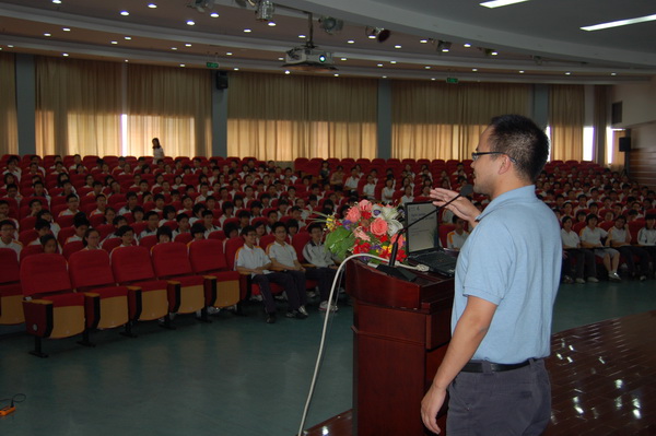 郑瑞博士首先用英语作了短暂的自我介绍,接着他利用世博主题“Better City,Better Life”改编而来的“Better English,Better Life!”作为中心开始说明英语的重要性。幽默风趣的郑博士不时地冒出了几个笑话,将气氛几度推向了高潮。随着同学们兴趣的高涨,郑博士又用搞笑的英语顺口溜来训练同学们的口语和记忆能力。虽说是练习,但在大家的配合下,快乐与知识并存,短暂的一个多小时一晃而过,最后郑博士利用了几句经典的英语广告作为结尾,将会场气氛再次推向了顶点。下午4点30分,郑瑞博士在同学们热烈的掌声中离开了会场。
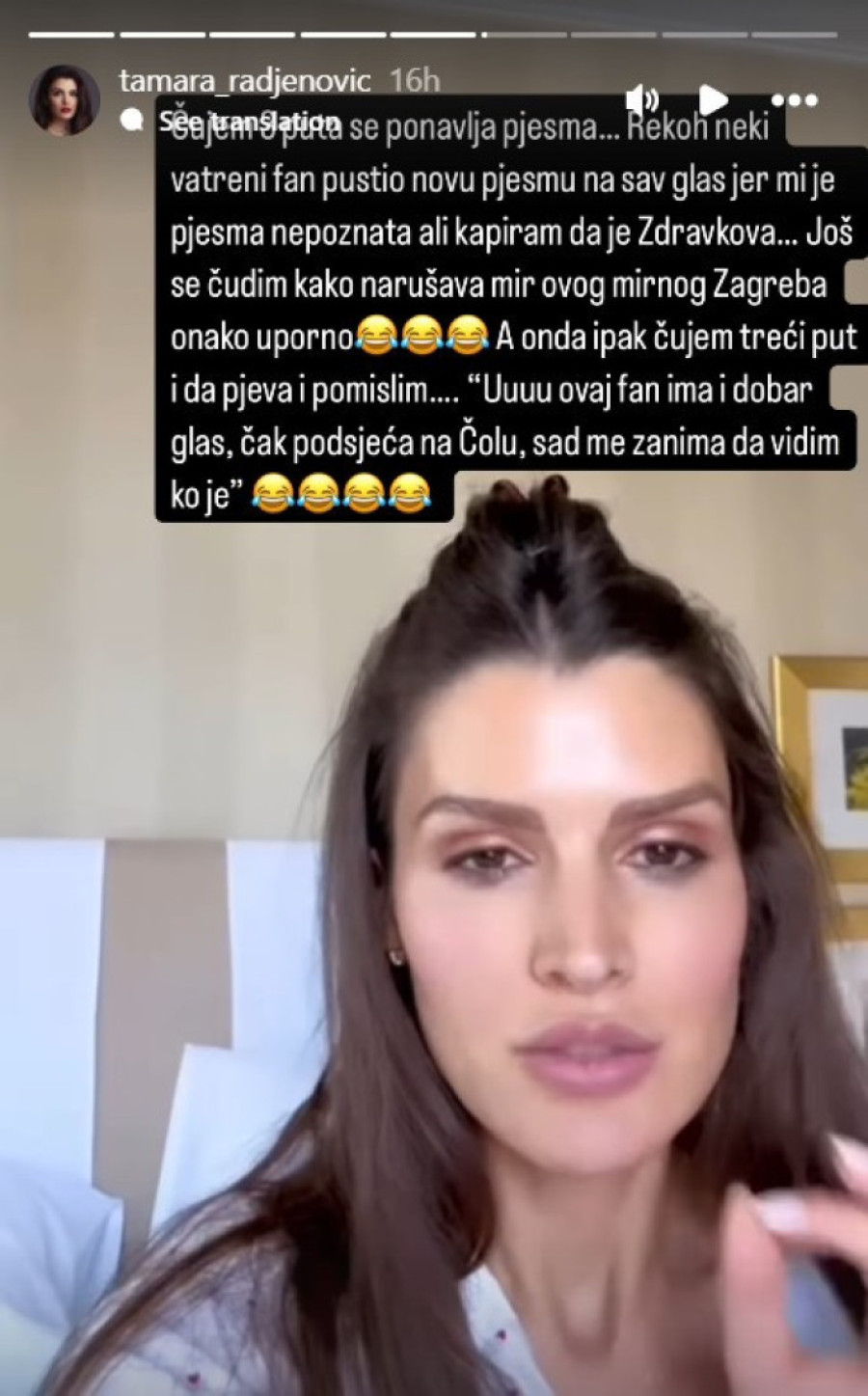– Čujem, tri puta se ponavlja pesma… Rekoh, neki vatreni fan pustio novu pesmu na sav glas, jer mi je nepoznata ali kapiram da je Zdravkova… Još se čudim kako narušava mir ovog mirnog Zagreba onako uporno – napisala je Tamara uz snimak.
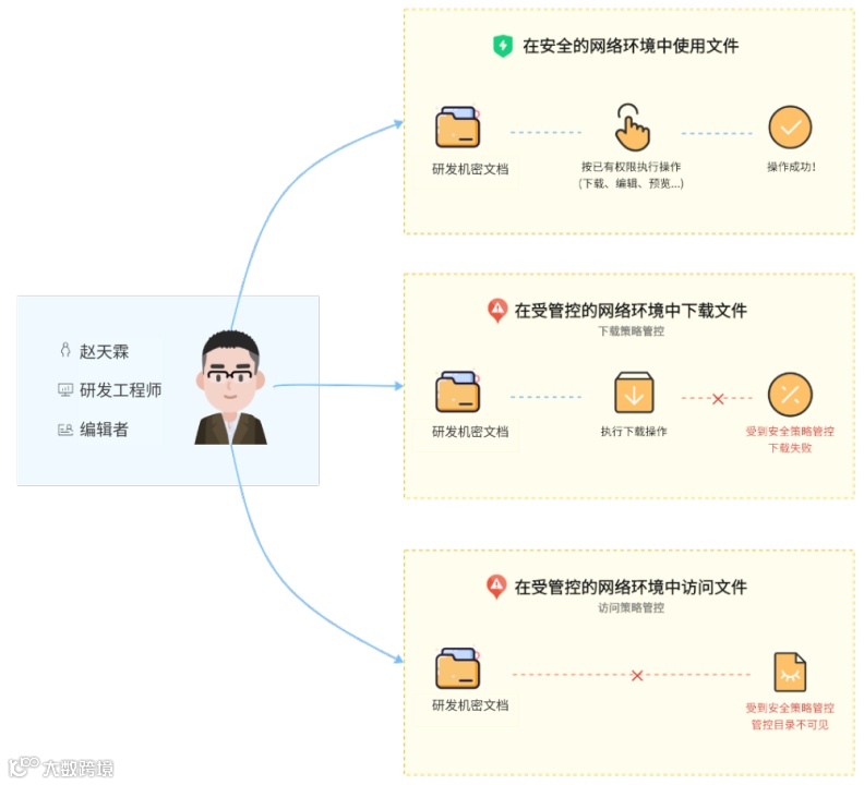 1. 提供目录访问策略功能,企业可以限制用户非安全网络环境中使用文件的能力,有效防止数据泄漏,通过精细化的配置可以帮助企业轻松实现跨网办公的核心需求。
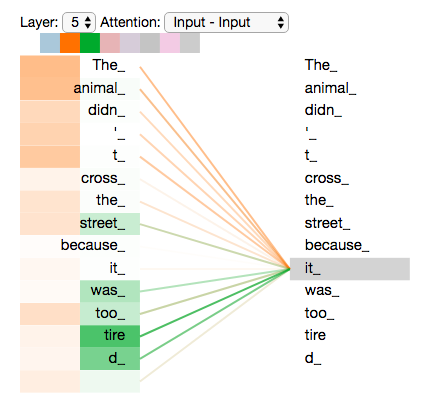 当我们编码单词“it”时,一个注意力头主要关注“the animal”(这个动物),而另一个则关注“tired”(疲惫的)——从某种意义上说,模型对单词“it”的表征融合了“animal”和“tired”两者的部分表征。
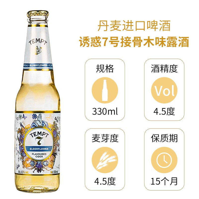 诱惑7号啤酒 丹麦七号接骨木味露酒女士甜酒 1号3号8号9号
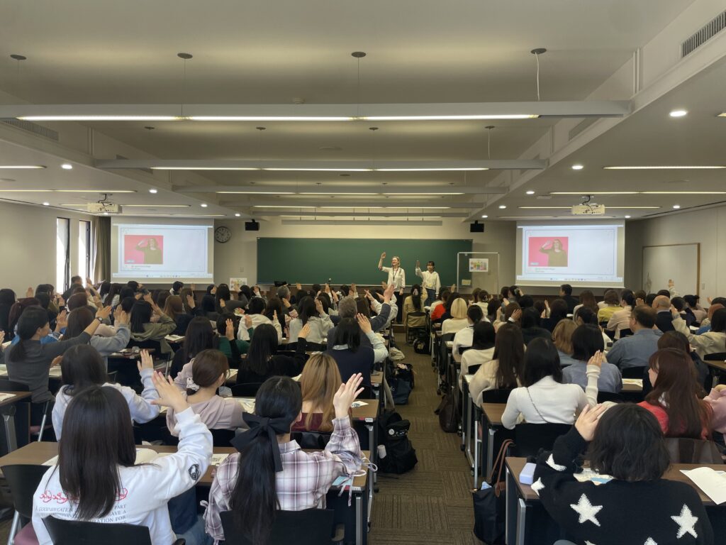 1~2年生の間にそれぞれの学生を担当するアカデミックアドバイザーの先生方ごとにグループになってすわり、最初は手話を使った挨拶でスタート。アメリカ手話と日本手話の「こんにちは」はよく似ていることを知りました。
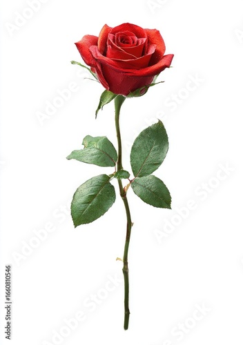 Single red rose with green leaves on a white background
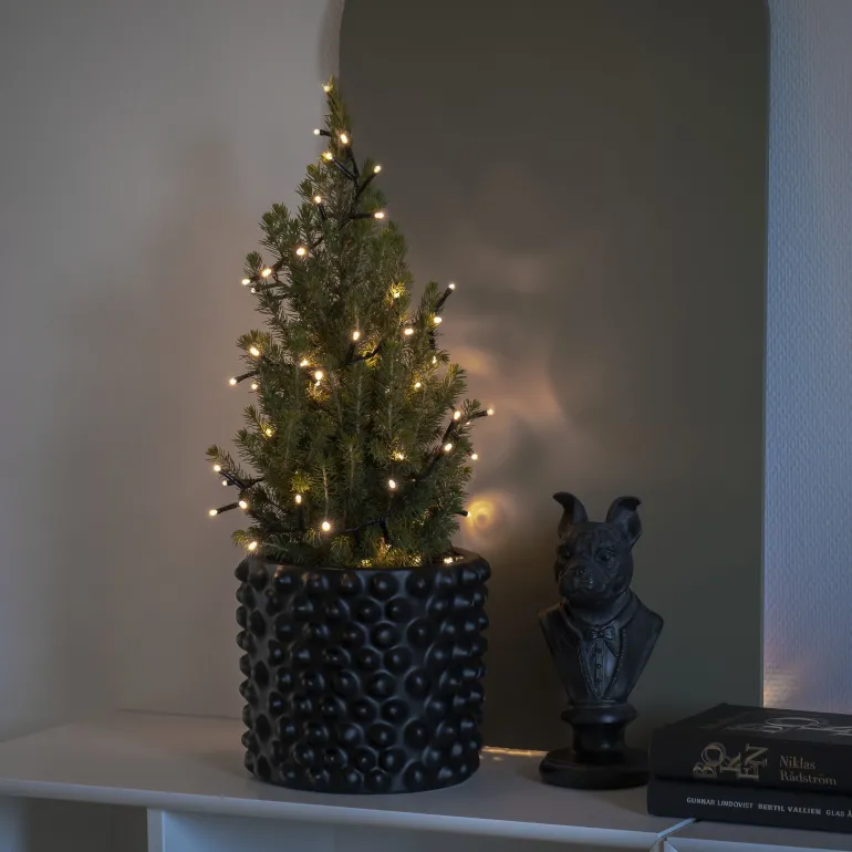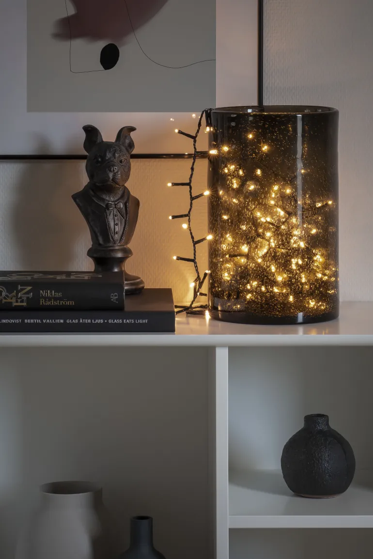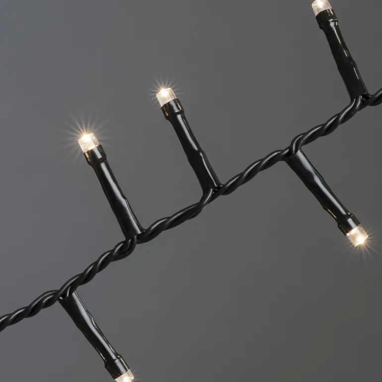Konstsmide 3875-100 on valosarja, jossa on 200 lämpimän valkoista LEDiä. Musta johto, 30V/IP20.
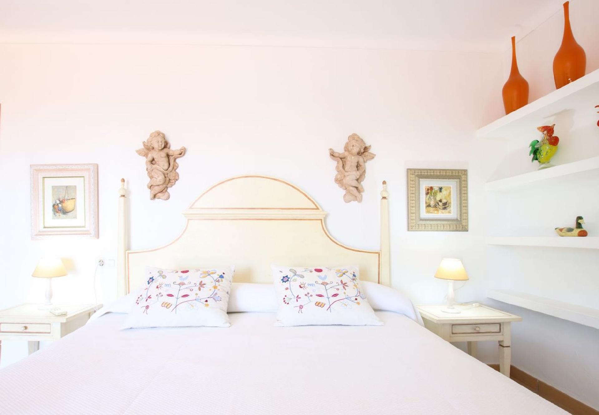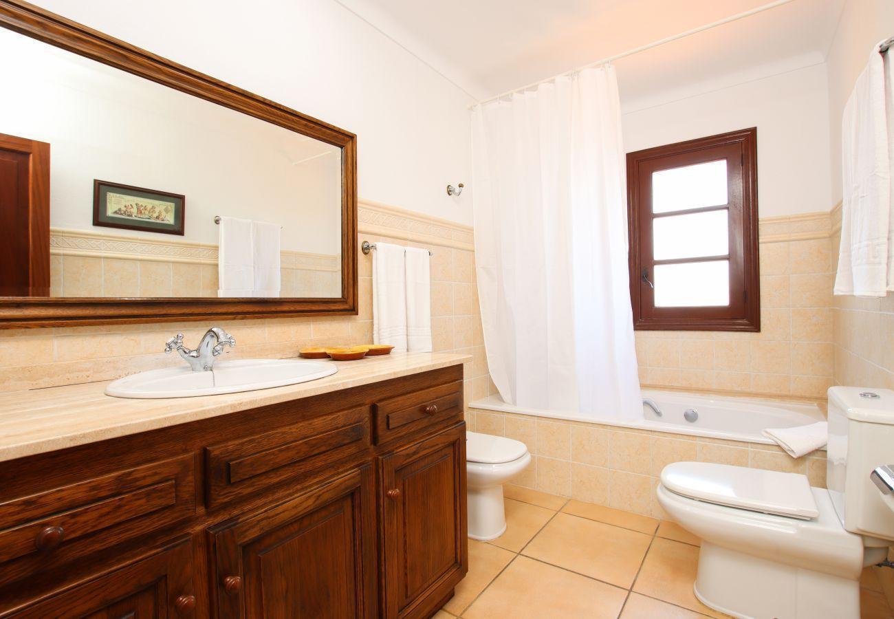 Upstairs is the master bedroom with king size mahogany bed, individual carved headboard and fitted wardrobes. This room has a beautiful en-suite bathroom and private furnished solarium with distant sea and mountain views. The second bedroom also has a king size bed, painted white, with carved headboard and fitted wardrobes and also a full en-suite bathroom and private furnished solarium, ideal for relaxing while enjoying the sunset views. The third bedroom, a superior double, has teak beds and fitted wardrobes, full bathroom and private furnished terrace overlooking the pool. The fourth bedroom also has two teak beds and fitted wardrobes, full bathroom and private sunbathing terrace with distant sea and mountain views. All bedrooms have air conditioning. Following energy saving and efficiency measures, this villa has programmed air conditioning, which can be used during midday and throughout the night.

§ **Your objective**
Between and including the line with "Tamara uz snimak." and the line with "1. 提供目录访问策略功能,企业可以限制", repeat every line exactly as it appears above, with pictures left out.

§ **Answer to the exercise**
– Čujem, tri puta se ponavlja pesma… Rekoh, neki vatreni fan pustio novu pesmu na sav glas, jer mi je nepoznata ali kapiram da je Zdravkova… Još se čudim kako narušava mir ovog mirnog Zagreba onako uporno – napisala je Tamara uz snimak.
 1. 提供目录访问策略功能,企业可以限制用户非安全网络环境中使用文件的能力,有效防止数据泄漏,通过精细化的配置可以帮助企业轻松实现跨网办公的核心需求。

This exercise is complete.